What this task involves:
Every line containing "fall" should be identified and copied from the data below.

Record excerpts:

□ □ □

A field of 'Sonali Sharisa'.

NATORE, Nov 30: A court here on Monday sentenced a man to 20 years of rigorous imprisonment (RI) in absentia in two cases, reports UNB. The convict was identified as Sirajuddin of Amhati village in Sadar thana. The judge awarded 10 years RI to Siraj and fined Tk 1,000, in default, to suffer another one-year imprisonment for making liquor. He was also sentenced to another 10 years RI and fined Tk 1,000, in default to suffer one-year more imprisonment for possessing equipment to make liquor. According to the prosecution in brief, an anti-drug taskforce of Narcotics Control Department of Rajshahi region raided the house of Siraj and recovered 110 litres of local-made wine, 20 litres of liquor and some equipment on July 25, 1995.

□ □ □

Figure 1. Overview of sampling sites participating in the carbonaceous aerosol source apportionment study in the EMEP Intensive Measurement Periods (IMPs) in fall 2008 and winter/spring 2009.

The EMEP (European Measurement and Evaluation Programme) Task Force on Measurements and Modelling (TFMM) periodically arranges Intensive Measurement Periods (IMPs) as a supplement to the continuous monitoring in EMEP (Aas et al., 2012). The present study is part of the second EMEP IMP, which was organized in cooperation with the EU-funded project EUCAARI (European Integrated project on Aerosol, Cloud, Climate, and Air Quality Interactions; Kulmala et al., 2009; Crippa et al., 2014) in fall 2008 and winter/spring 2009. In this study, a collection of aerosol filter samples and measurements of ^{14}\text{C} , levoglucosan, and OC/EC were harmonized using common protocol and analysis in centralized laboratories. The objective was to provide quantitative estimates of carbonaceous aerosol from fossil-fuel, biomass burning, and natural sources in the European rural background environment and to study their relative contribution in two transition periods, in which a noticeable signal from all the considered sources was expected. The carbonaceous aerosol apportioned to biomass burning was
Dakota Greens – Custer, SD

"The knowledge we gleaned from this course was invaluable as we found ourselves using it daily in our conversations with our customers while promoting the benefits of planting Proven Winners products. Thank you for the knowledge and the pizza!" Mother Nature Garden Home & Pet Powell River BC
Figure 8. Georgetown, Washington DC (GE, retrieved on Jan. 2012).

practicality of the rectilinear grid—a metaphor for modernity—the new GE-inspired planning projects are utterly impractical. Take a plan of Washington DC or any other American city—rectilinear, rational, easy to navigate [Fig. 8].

□ □ □

Written answer:
Figure 1. Overview of sampling sites participating in the carbonaceous aerosol source apportionment study in the EMEP Intensive Measurement Periods (IMPs) in fall 2008 and winter/spring 2009.
The EMEP (European Measurement and Evaluation Programme) Task Force on Measurements and Modelling (TFMM) periodically arranges Intensive Measurement Periods (IMPs) as a supplement to the continuous monitoring in EMEP (Aas et al., 2012). The present study is part of the second EMEP IMP, which was organized in cooperation with the EU-funded project EUCAARI (European Integrated project on Aerosol, Cloud, Climate, and Air Quality Interactions; Kulmala et al., 2009; Crippa et al., 2014) in fall 2008 and winter/spring 2009. In this study, a collection of aerosol filter samples and measurements of ^{14}\text{C} , levoglucosan, and OC/EC were harmonized using common protocol and analysis in centralized laboratories. The objective was to provide quantitative estimates of carbonaceous aerosol from fossil-fuel, biomass burning, and natural sources in the European rural background environment and to study their relative contribution in two transition periods, in which a noticeable signal from all the considered sources was expected. The carbonaceous aerosol apportioned to biomass burning was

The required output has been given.